Hospitality is in a right state at the moment, what with the seemingly never-ending shitshow of rising rents and rates, extortionate VAT, higher staffing, produce and utility costs, and all those other well-documented socioeconomic pressures (don’t mention the Bre*it word, please). So the last thing those of us who work in this beleaguered industry need right now is to be kicked in the proverbials by the very people we rely on perhaps more than anyone. And, yes, by that I mean you, our lovely customers. So here is some advice on how to avoid infuriating your serving staff.
Turn up …
Pre-Covid, most restaurants didn’t have the balls to take card details or charge for late cancellations and no-shows, but that’s all changed now (thank God). If you buy a ticket to the football or a gig, say, you’ll be out of pocket if you can’t be arsed to turn up. Why should restaurants be any different? What’s more, even if we have charged you a cancellation fee, remember that we’ve still lost out on drink sales and service charge.
… and turn up on time
You’d be surprised how many people seem oblivious to the fact that a restaurant is a business, just like any other. If you’ve booked dinner for 7pm and show up half an hour late, don’t be surprised or, worse, turn all bolshie on us when we try to bum-rush you out of the door at 9pm. We’ve got another booking for that table, and sod’s law dictates that they will show up on time.
Don’t stick your chewing gum under the table
Yes, really. You’d hope that people would have grown out of this by the time they leave secondary school, but I’ve never, ever worked a floor – even Michelin-starred ones – where I haven’t had to scrape used gum off the underside of tables on an almost daily basis. Why can’t you just ask me for a tissue or, better still, put the offending object in the bin yourself? You wouldn’t do it at home (hopefully), so don’t do it at my place of work, either.
Speak up if something’s wrong …
As in all walks of life, stuff sometimes just goes wrong (though whether that’s our fault or yours is often up for debate), so don’t smile meekly and mumble “fine” when we ask if everything’s OK. Hospitality folk are people-pleasers, otherwise there’s no way we’d be in this godforsaken game, and we’re more than happy to do our best to put things right. Plus, you never know: you may even get a free dish or glass of wine on us (or on our boss, but don’t tell).

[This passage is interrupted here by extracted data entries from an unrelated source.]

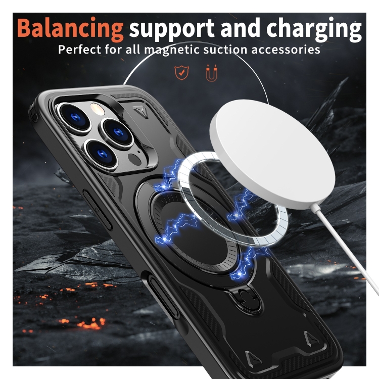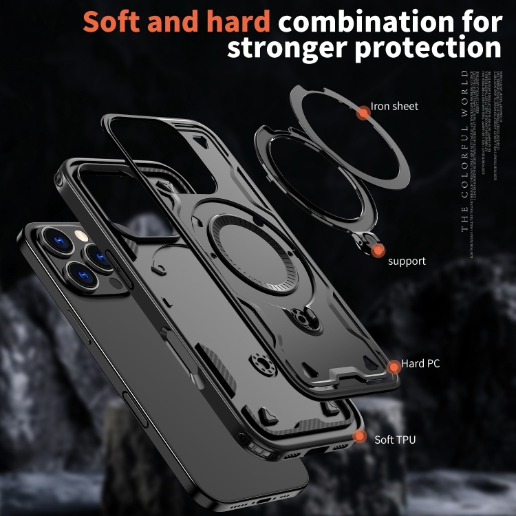 Funda híbrida TPU con soporte Magsafe para iPhone 16 Pro (Negra)
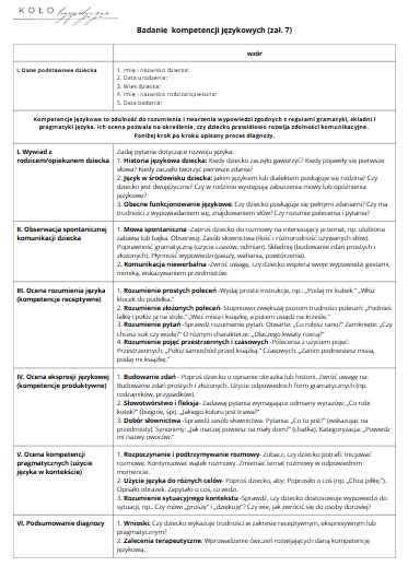 Testy słuchu fonemowego i percepcji słuchowej. Badanie kompetencji językowych.
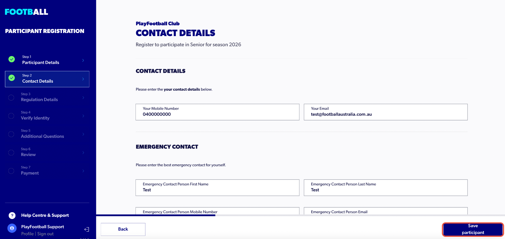 10. Continue with the contact details and select ‘Save Participant’ at the bottom of the page.

… and don’t go online to complain
Don’t keep stumm on the night only to log on to TripAdvisor three months down the line, usually after you’ve had one too many, to give us a one-star review and whinge about a dish that’s not even on the sodding menu any more.

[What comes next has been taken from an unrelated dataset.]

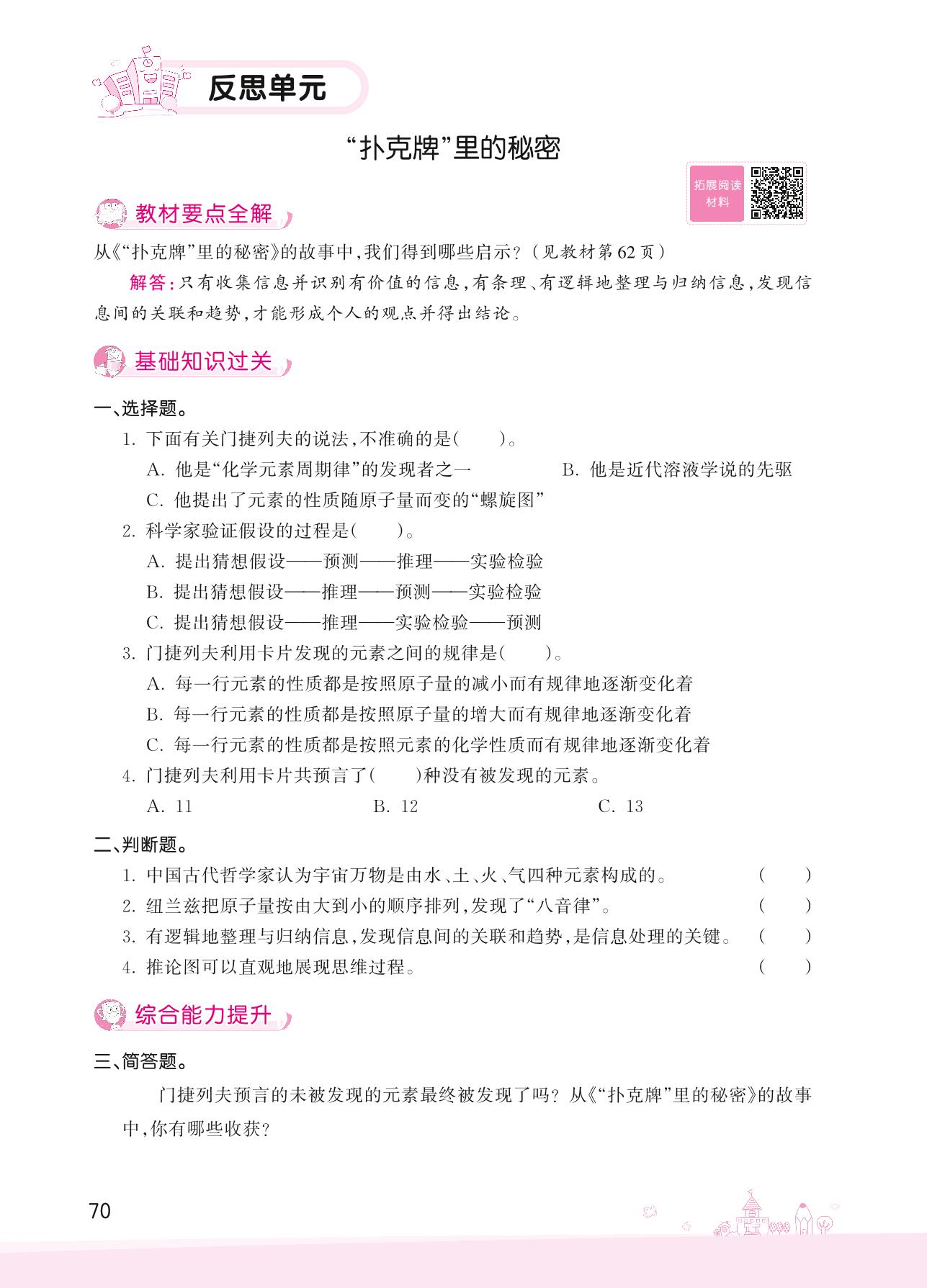 2022上册六年级科学大象版 反思单元——“扑克牌”里的秘密

Be clear about dietary needs
AKA work on your communication skills. There’s a reason we ask “Any dietaries?” when people book (we don’t want you to die on us, because that’s not the best look for either of us), not least because we don’t have a magical endless larder that can miraculously cater to every need. Much as you’d never dream of going to a vegetarian restaurant and asking them to cook you a steak, don’t expect us to be able to come up with a bespoke vegan, gluten-free, pulse-intolerant, mushroom-averse meal at the drop of a hat.
Stand by your request
If, say, you’ve asked for your steak well done, don’t blame the chef when it turns out to be a bit, well, tough. That’s 100% on you.

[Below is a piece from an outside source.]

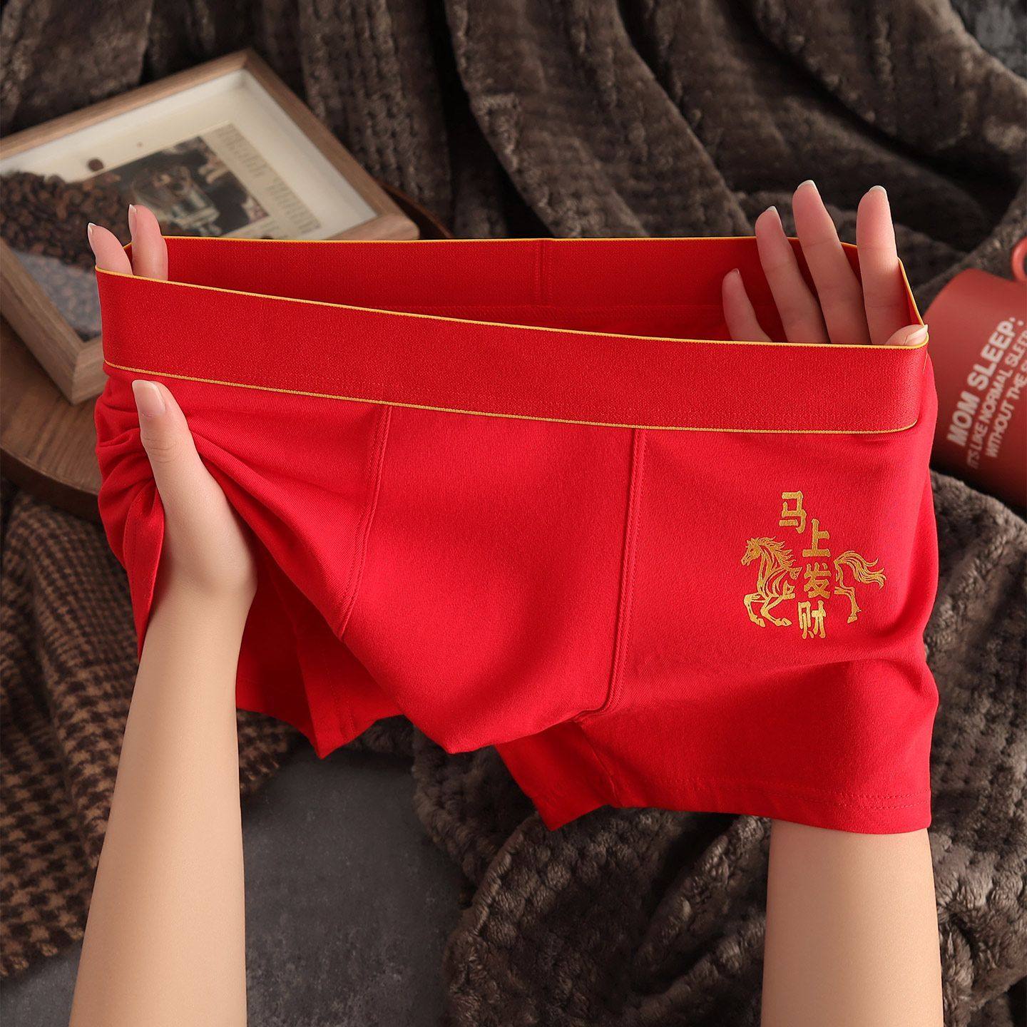 纯棉新款本命年男士内裤红色结婚喜庆平角裤透气爆款潮四角短裤头

Leave the clearing-up to me
Believe it or not, there’s an art to clearing a table that can get thrown out of whack if, for example, you hand me your empty plates or pile everyone’s dirty cutlery on the same platter. Yes, I know you’re trying to help, bless, but you’re actually doing the opposite.
Don’t dissect the bill at the table
Few things are more excruciating than listening to grown adults quibble over how many olives, slices of bread or whatever each of them ate, then argue the toss about their fair share of the bill. Stop it already. You’re embarrassing yourself. And me. (See also larger groups who can’t just split it and sort things out between themselves later, instead of wasting their time and mine doing complex mathematical calculations on the spot, often while tipsy.)
Above all, don’t be rude
I will never understand why some people apparently think the best way of getting what they want is to be downright obnoxious. If you’re disrespectful, raise your voice or treat me like your servant, do you honestly expect me to go out of my way to make sure you have a good time?